> **REQUIREMENT**:
With the exception of the pictures, write out the data below precisely.

> **DATA BLOCK**:
_ _ _ _ _ _ _
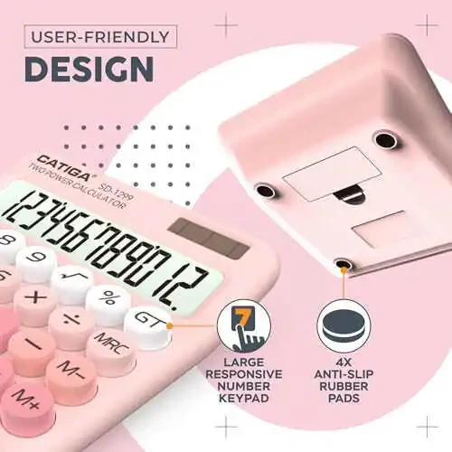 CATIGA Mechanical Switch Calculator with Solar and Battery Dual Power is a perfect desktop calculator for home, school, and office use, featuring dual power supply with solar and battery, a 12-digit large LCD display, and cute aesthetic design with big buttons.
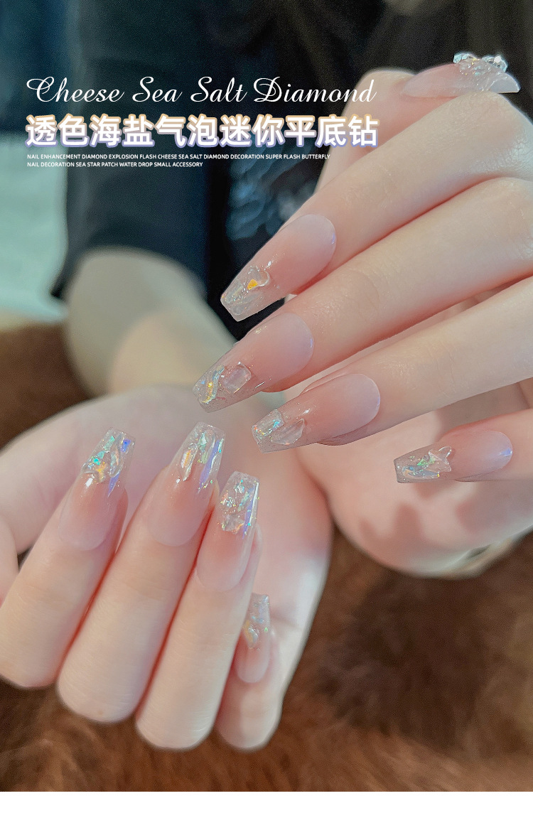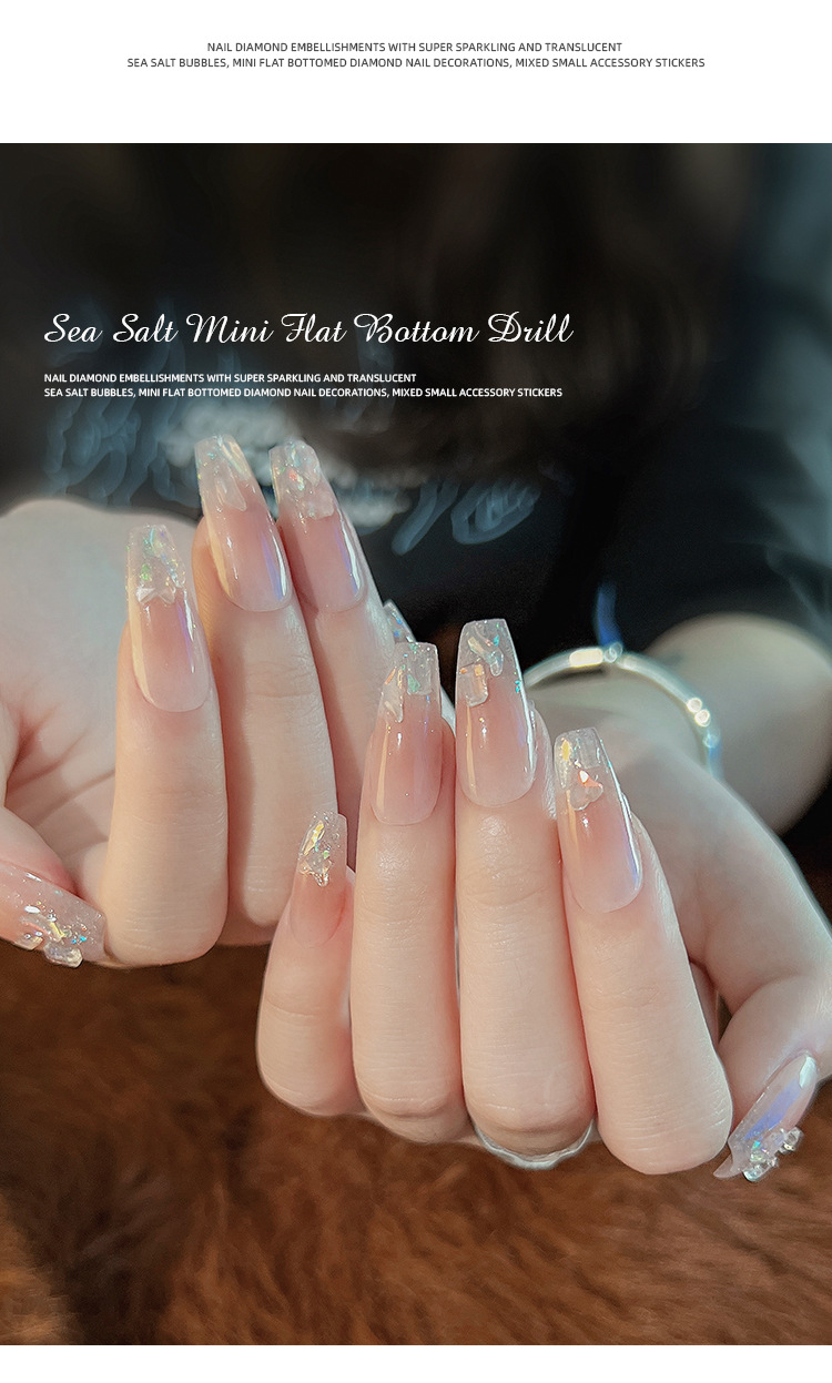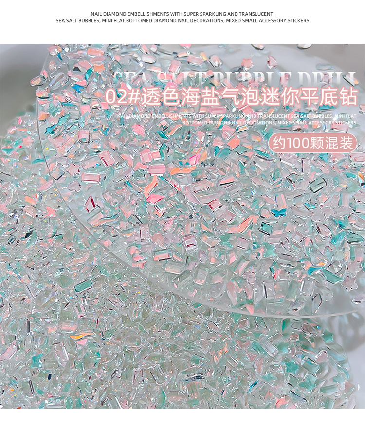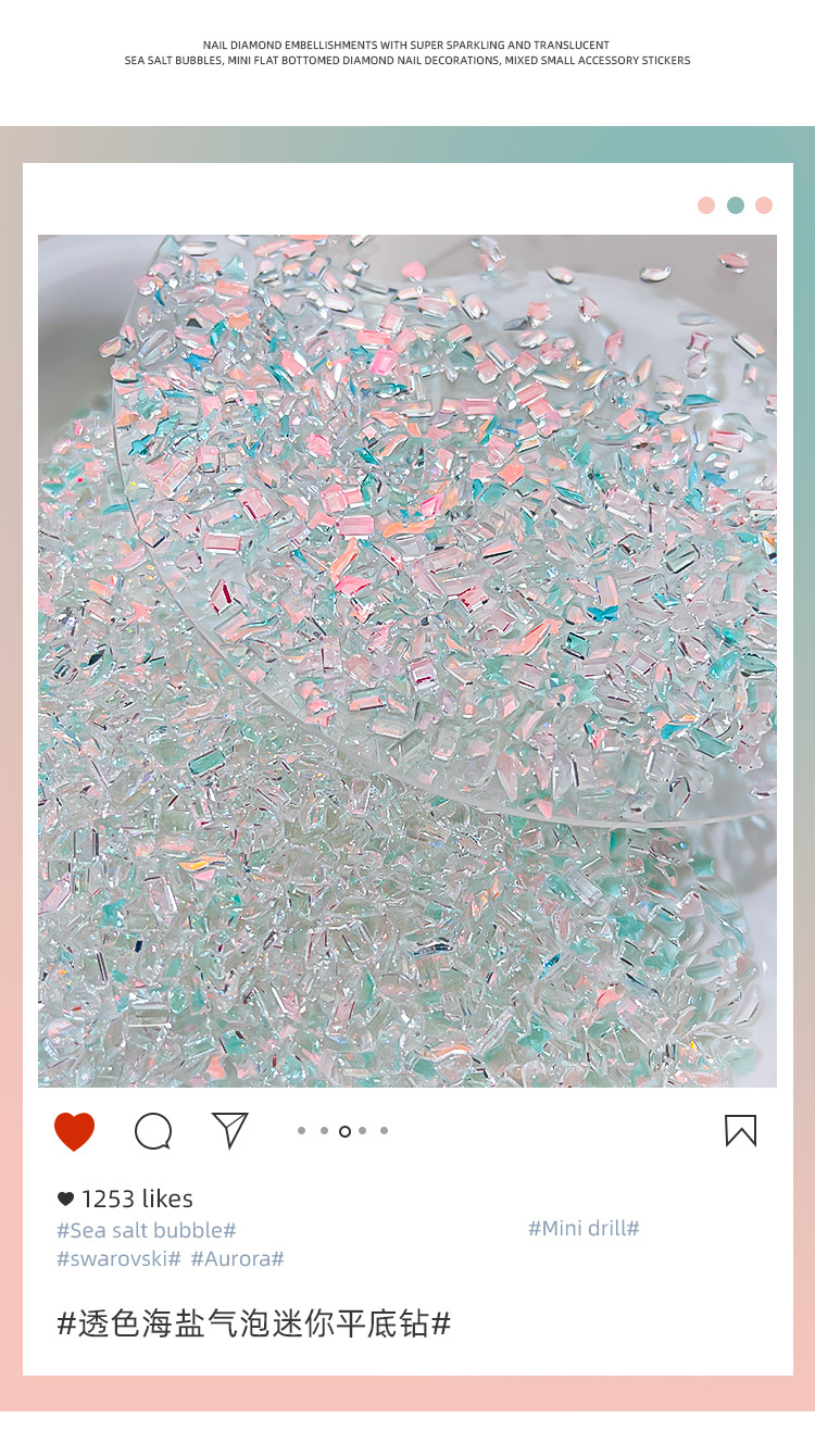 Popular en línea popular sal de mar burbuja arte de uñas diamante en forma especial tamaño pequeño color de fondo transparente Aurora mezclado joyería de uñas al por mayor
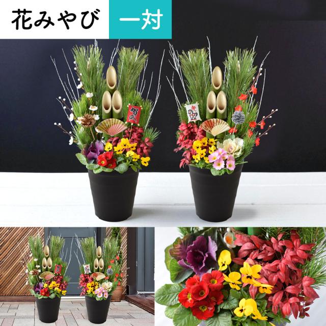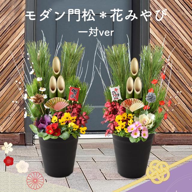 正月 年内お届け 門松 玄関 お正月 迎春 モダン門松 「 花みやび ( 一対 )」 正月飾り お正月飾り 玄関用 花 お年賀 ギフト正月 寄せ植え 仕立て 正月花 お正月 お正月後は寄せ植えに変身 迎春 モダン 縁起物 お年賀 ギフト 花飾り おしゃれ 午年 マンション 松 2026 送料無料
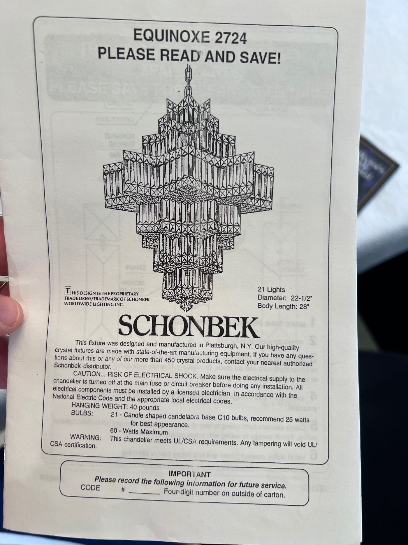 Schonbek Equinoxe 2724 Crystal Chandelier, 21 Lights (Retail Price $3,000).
_ _ _ _ _ _ _
> **TASK OUTPUT**:
 CATIGA Mechanical Switch Calculator with Solar and Battery Dual Power is a perfect desktop calculator for home, school, and office use, featuring dual power supply with solar and battery, a 12-digit large LCD display, and cute aesthetic design with big buttons.
 Popular en línea popular sal de mar burbuja arte de uñas diamante en forma especial tamaño pequeño color de fondo transparente Aurora mezclado joyería de uñas al por mayor
 正月 年内お届け 門松 玄関 お正月 迎春 モダン門松 「 花みやび ( 一対 )」 正月飾り お正月飾り 玄関用 花 お年賀 ギフト正月 寄せ植え 仕立て 正月花 お正月 お正月後は寄せ植えに変身 迎春 モダン 縁起物 お年賀 ギフト 花飾り おしゃれ 午年 マンション 松 2026 送料無料
 Schonbek Equinoxe 2724 Crystal Chandelier, 21 Lights (Retail Price $3,000).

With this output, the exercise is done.